Would you retype, word for word, only the lines from the one holding "Deze polo met" through the final line of the entries below, without the pictures?
#### Data for this exercise
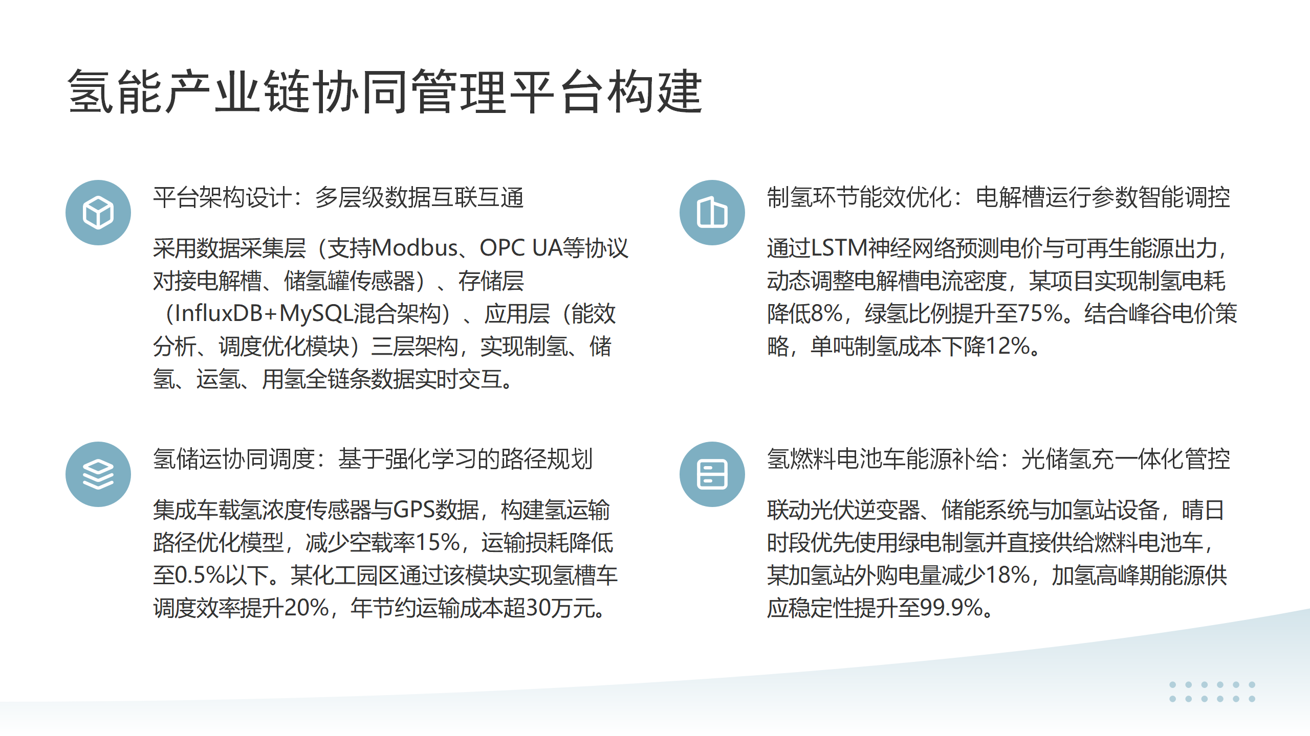 在制氢环节,通过LSTM神经网络预测电价与可再生能源出力,动态调整电解槽电流密度,不仅降低了制氢电耗,还提升了绿氢比例,结合峰谷电价策略,有效降低了单吨制氢成本。这一举措体现了平台在优化能源利用效率方面的显著成效。
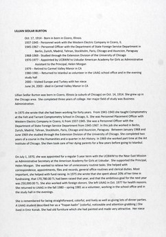 Memorial record for Lillian Sedlar Burton, an employee of the American Board
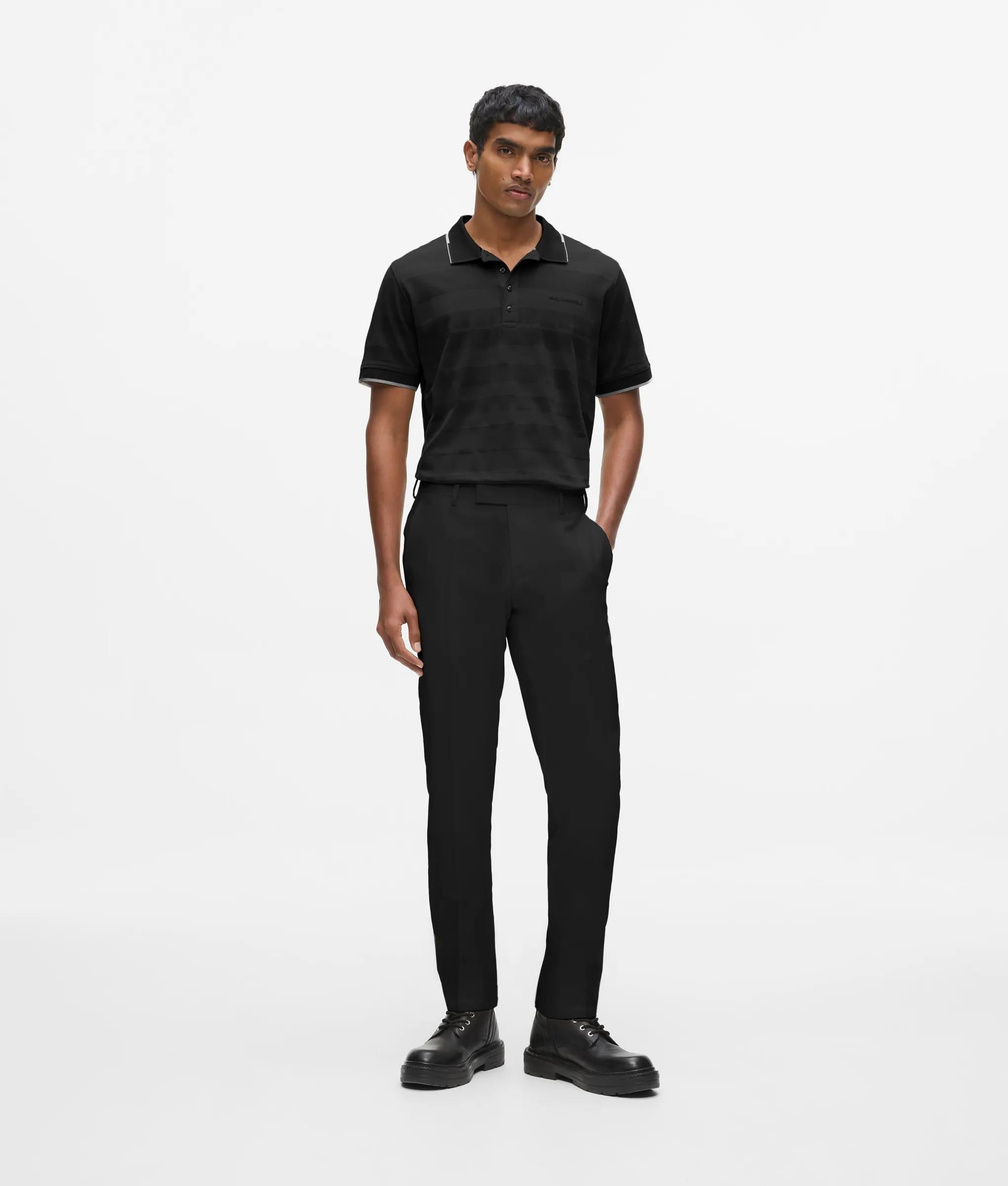 Deze polo met korte mouwen combineert monochrome strepen met strakke contrasterende biezen. De preppy vierknoopskraag geeft de polo een tijdloze uitstraling.
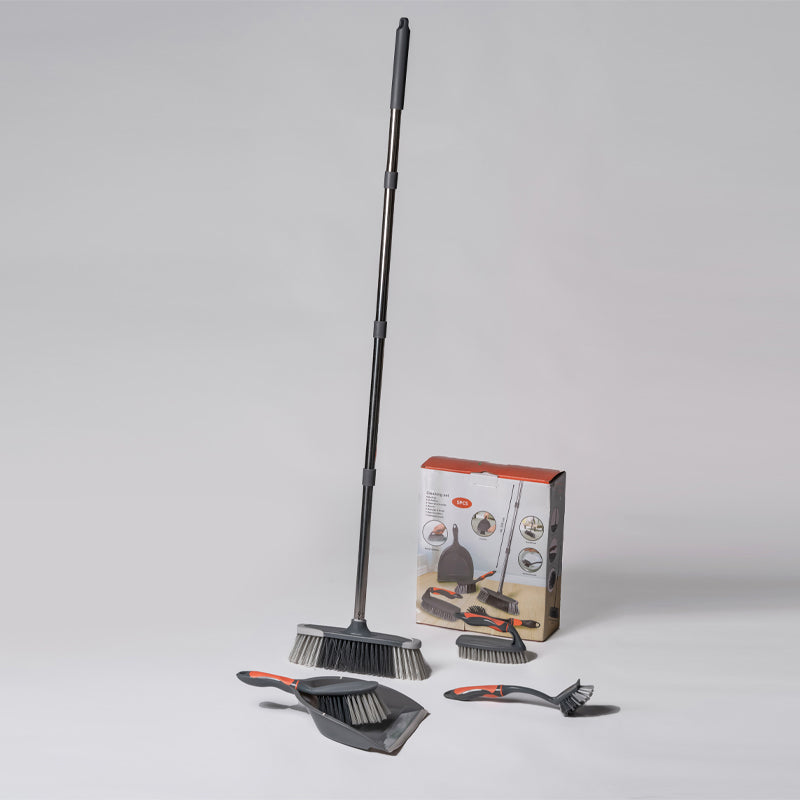 סט מברשות מלא הכולל מטאטא עם יעה ו-3 מברשות כלים לניקוי מגוון.
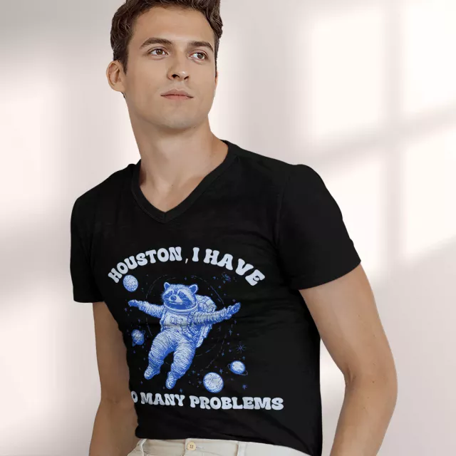 Houston I Have So Many Problems V-Neck T-Shirt – Retro Graphic Basic T-Shirt – Raccoon In Space Tee
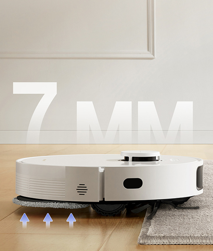 При обнаружении мягких поверхностей автоматически поднимает швабры на 7 мм, чтобы предотвратить их намокание, и переключается на режим усиленного всасывания. Резиновая щетка легко собирает даже самый мелкий мусор и препятствует спутыванию ворса.
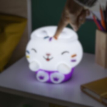 Laat de schattige Cakey Cat een zachte en rustgevende gloed in de kamer verspreiden. De lamp is gemaakt van zacht silicone en toont Cakey Cat in haar klassieke houding. Je schakelt eenvoudig tussen drie lichtstanden door op het hoofd te drukken. Daarnaast heeft de lamp een ingebouwde timer die automatisch uitschakelt na enige tijd. Perfect voor voorleestijd, bedtijd of als een charmant decoratiestuk voor alle fans van Gabby's Dollhouse.
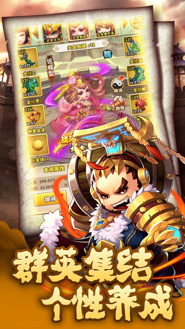 趣味三国冒险,爆笑武将养成!《小小三国志》是一款Q版三国卡牌游戏,脑洞清奇,画风呆萌,三国名将通通都到碗里来!懒人模式,轻松挂机升级打Boss,在上班的同时一统三国;精美卡通渲染,流畅骨骼动画,鲜活可爱的人物让人爱到无法自拔;多样玩法其乐无穷,给你活力四射的愉快三国体验!
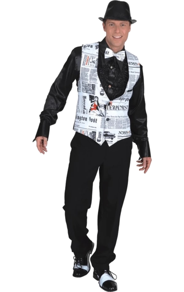 Read all about your costume in the Adult Fleet Street Hack Waistcoat! This waistcoat comes in white with a black printed newspaper design.
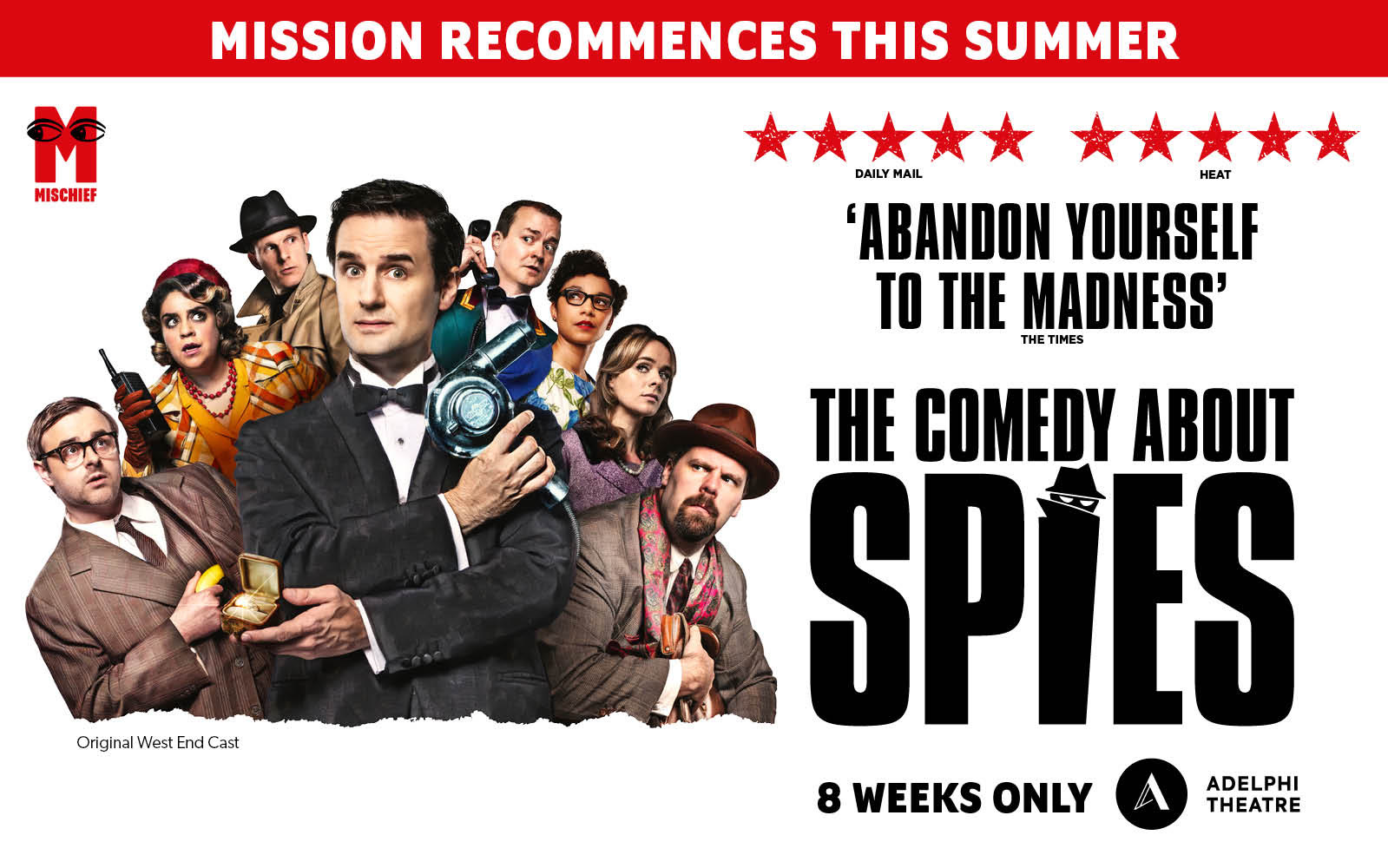 Mischief’s most critically acclaimed adventure, The Comedy About Spies, is back, ‘bigger, better and more brilliantly bungling than ever’ (Daily Mail), with a limited 8-week mission recommencing this summer in London’s West End at the Adelphi Theatre.
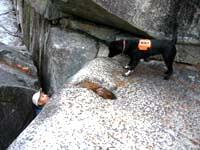 岩の割目に隠れた人を探し出して吠える
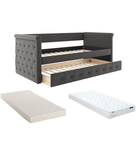 Lit banquette gigogne LOUISE - 2x90x190cm - Tissu gris capitonné - Avec matelas. Dimensions : L219 x P98.5 x H95.2cm. Style : charme scandinave. ...
########
▶ [Exercise solution]
 Deze polo met korte mouwen combineert monochrome strepen met strakke contrasterende biezen. De preppy vierknoopskraag geeft de polo een tijdloze uitstraling.
 סט מברשות מלא הכולל מטאטא עם יעה ו-3 מברשות כלים לניקוי מגוון.
 Houston I Have So Many Problems V-Neck T-Shirt – Retro Graphic Basic T-Shirt – Raccoon In Space Tee
 При обнаружении мягких поверхностей автоматически поднимает швабры на 7 мм, чтобы предотвратить их намокание, и переключается на режим усиленного всасывания. Резиновая щетка легко собирает даже самый мелкий мусор и препятствует спутыванию ворса.
 Laat de schattige Cakey Cat een zachte en rustgevende gloed in de kamer verspreiden. De lamp is gemaakt van zacht silicone en toont Cakey Cat in haar klassieke houding. Je schakelt eenvoudig tussen drie lichtstanden door op het hoofd te drukken. Daarnaast heeft de lamp een ingebouwde timer die automatisch uitschakelt na enige tijd. Perfect voor voorleestijd, bedtijd of als een charmant decoratiestuk voor alle fans van Gabby's Dollhouse.
 趣味三国冒险,爆笑武将养成!《小小三国志》是一款Q版三国卡牌游戏,脑洞清奇,画风呆萌,三国名将通通都到碗里来!懒人模式,轻松挂机升级打Boss,在上班的同时一统三国;精美卡通渲染,流畅骨骼动画,鲜活可爱的人物让人爱到无法自拔;多样玩法其乐无穷,给你活力四射的愉快三国体验!
 Read all about your costume in the Adult Fleet Street Hack Waistcoat! This waistcoat comes in white with a black printed newspaper design.
 Mischief’s most critically acclaimed adventure, The Comedy About Spies, is back, ‘bigger, better and more brilliantly bungling than ever’ (Daily Mail), with a limited 8-week mission recommencing this summer in London’s West End at the Adelphi Theatre.
 岩の割目に隠れた人を探し出して吠える
 Lit banquette gigogne LOUISE - 2x90x190cm - Tissu gris capitonné - Avec matelas. Dimensions : L219 x P98.5 x H95.2cm. Style : charme scandinave. ...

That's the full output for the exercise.